Stadler Rail Aktie: Zahlen überzeugen
Fast verdoppelter Nettogewinn, ein robuster Auftragsbestand und ein technischer Ausbruch über den 200-Tage-Durchschnitt — Stadler Rail präsentiert sich zum Start ins zweite Quartal 2026 von einer deutlich besseren Seite als noch vor einigen Monaten.
Starkes 2025 als Fundament
Die Jahreszahlen für 2025 liefern die fundamentale Basis für den wiedergewonnenen Optimismus. Der Nettogewinn kletterte auf 100,7 Millionen CHF — fast doppelt so viel wie die 55,0 Millionen CHF im Vorjahr. Der Umsatz wuchs um 13 Prozent auf 3,7 Milliarden CHF, bereinigt um Währungseffekte sogar um 15 Prozent. Besonders aufschlussreich: Die tatsächlich gefertigten Fahrzeuge überstiegen den verbuchten Umsatz um über eine Milliarde Franken. Dieser Puffer aus konservativer Rechnungslegung dürfte sich in den kommenden Perioden positiv auswirken.

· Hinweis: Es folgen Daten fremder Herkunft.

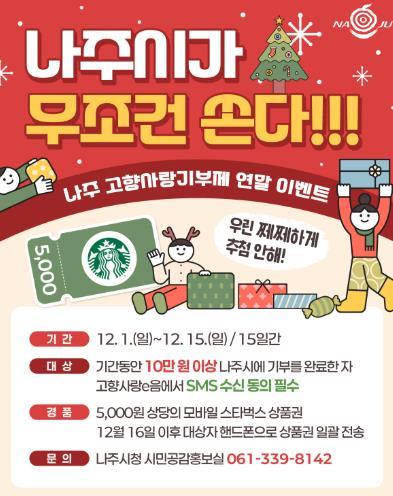 전라남도 나주시는 연말정산 시즌에 맞춰 12월 1일부터 15일까지 고향사랑기부제 참여 감사 이벤트를 진행한다고 29일 밝혔다.
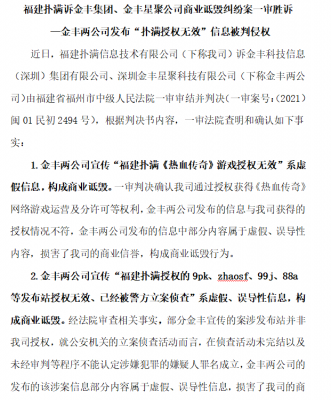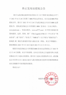202112-29我司于2021年9月20日授权域名(主域名:www.jinsf.com)在中国大陆地区范围内提供运营、管理、推广《The Legend Of Mi...
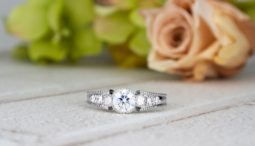 真ん中のダイヤモンドの両サイドに2石のメレダイヤを埋め込んだデザイン枠。ダイヤモンドの大きさと美しさが際立ちます。

Die Lieferkettenkrise nach den Valencia-Überschwemmungen, die 2024 einen Umsatzausfall von rund 350 Millionen CHF verursacht hatte, ist weitgehend bewältigt. Alternative Bezugsquellen wurden aufgebaut. Das Management rechnet allerdings damit, dass gewisse Nachwirkungen bis 2027 spürbar bleiben.
Großaufträge und neue Gesichter im Verwaltungsrat
Für 2026 peilt das Unternehmen eine EBIT-Marge von über 5 Prozent an. Rückenwind kommt vom Auftragseingang, der 2025 bei 6,1 Milliarden CHF lag. Konkret stehen in Berlin zwei Großaufträge kurz vor dem Abschluss: Bestellungen über bis zu 1.500 U-Bahn-Wagen der BVG sowie ein Vertrag für mehr als 350 S-Bahn-Züge sollen noch bis Ende 2026 unter Dach und Fach sein.
An der Führungsspitze steht ein Generationenwechsel an. Für die Generalversammlung am 5. Mai 2026 in Zürich wurden Sabrina Soussan (Continental) und Michael Schöllhorn (Airbus Defence and Space) als neue Verwaltungsratsmitglieder vorgeschlagen. Sie sollen die langjährigen Mitglieder Christoph Franz und Wojciech Kostrzewa ersetzen.
Der starke Schweizer Franken bleibt eine Belastung — er drückte die Exporterlöse rechnerisch um über 50 Millionen CHF. Die wachsende Nachfrage im Bereich Signalling sowie bei Wasserstoffantrieben federt diesen Effekt jedoch ab. Ob die angestrebte Marge von über 5 Prozent in den Quartalsberichten tatsächlich bestätigt wird, entscheidet maßgeblich darüber, wie nachhaltig die aktuelle Kurserholung auf 22,48 Euro ist.